Nothing new in the Scala version of the constructor, which will generate the list of words.
Through the GenTraversableFactory#fill method, we generate a sequence of listSize elements, with values being generated by Random.nextInt(sourceWords.size), which will provide an integer between 0 (inclusive) and the size of the sourceWords list (exclusive) every time it’s invoked. Fill will invoke it listSize time to create the Sequence with the random integers to serve as indexes of the random words from the sourceWords list. Mapping and retrieving a list is done as we saw before.
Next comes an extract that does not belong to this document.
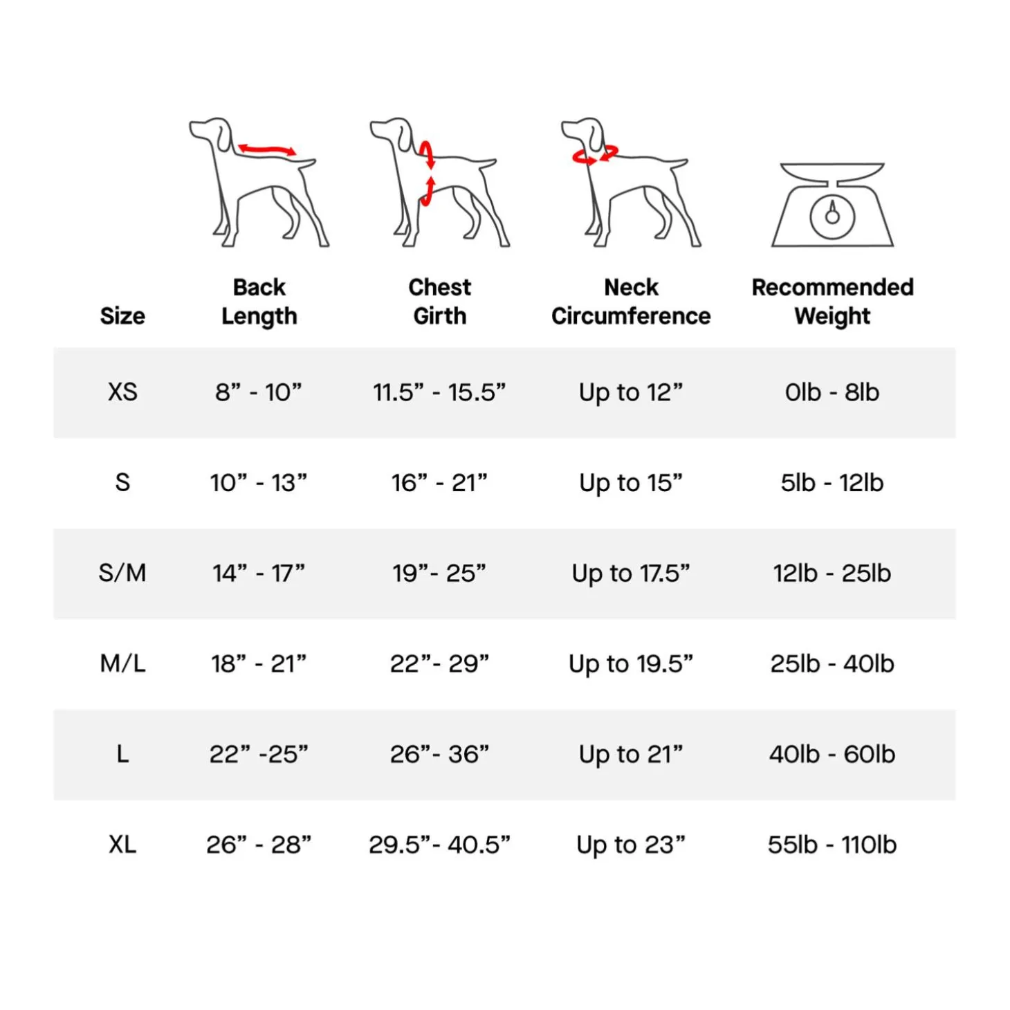 | Pet Size | Back Length | Chest Girth | Neck Circumference | Recommended Weight |

Part 2: In order to provide a relatively compute-intensive task we will calculate the Levenshtein distance between two strings… a source file, Levenshtein.java containing a lev() function is provided that will calculate the distance for you. A second template file, Lesson3.java, is provided. This contains the code necessary to measure the time taken to execute the code of the get() method of a Supplier (as you will see in the main() method this is simple to do with a lambda expression). Your task is to write the necessary code in the computeLevenshtein method to calculate the distances between each pair of strings in the wordList using the streams API. You will need to process this sequentially or in parallel based on the flag passed as a parameter. Try modifying the size of the wordList to see what impact this has on the performance, and in particular, how the difference between sequential and parallel performance is affected by the input size.
There are many possible ways to solve this exercise. This is just one of the possible solutions, inspired in one of the proposed in the @SVQJUG mailing list. Firstly we create a Supplier which will generate a Stream of Strings every time we invoked its get method. Being Supplier a functional interface, a lambda expression can be used to fill its body, which we do, although wrapped in a ternary operator, depending on the flag which will mark if the stream to be generated should be a parallel one or not.
We generated two streams around the same wordList list, meaning we will iterate over the elements of the list twice. Since we’re nesting these iterations, we make sure we process every element with every element of the list, including itself. For every couple of words, then, we get their Levenshtein distance and store it in the distances array position referencing the indexes of the elements in the original list. The second map, the one transforming the inner Stream, needs to mapToInt, since we’ll be generating an IntStream, which will allow us to obtain an array of integers directly when collecting its elements through the terminal operation toArray(). The outer Stream, since it will contain arrays of integers, has to go though the typical collection of its elements into a List before this list can be converted into an array (bidimensional, since it will contain arrays) which turns up to be what we wanted to obtained in the first place, being able to be assigned into our already declared variable distances to capture the final result.
Levenshtein for 1000 elements:
Java Sequential Levenshtein Sequential took 1585ms Sequential took 814ms Sequential took 781ms Sequential took 652ms Sequential took 638ms Java Parallel Levenshtein Parallel took 347ms Parallel took 206ms Parallel took 186ms Parallel took 167ms Parallel took 173ms
We can clearly see an increase in performance when using parallel streams.
We will make our List to be treated in parallel though the invocation of the Parallelizable#par method, which belongs to the Parallelizable trait, inherited by the List class. We’ve extracted this operation into a different method.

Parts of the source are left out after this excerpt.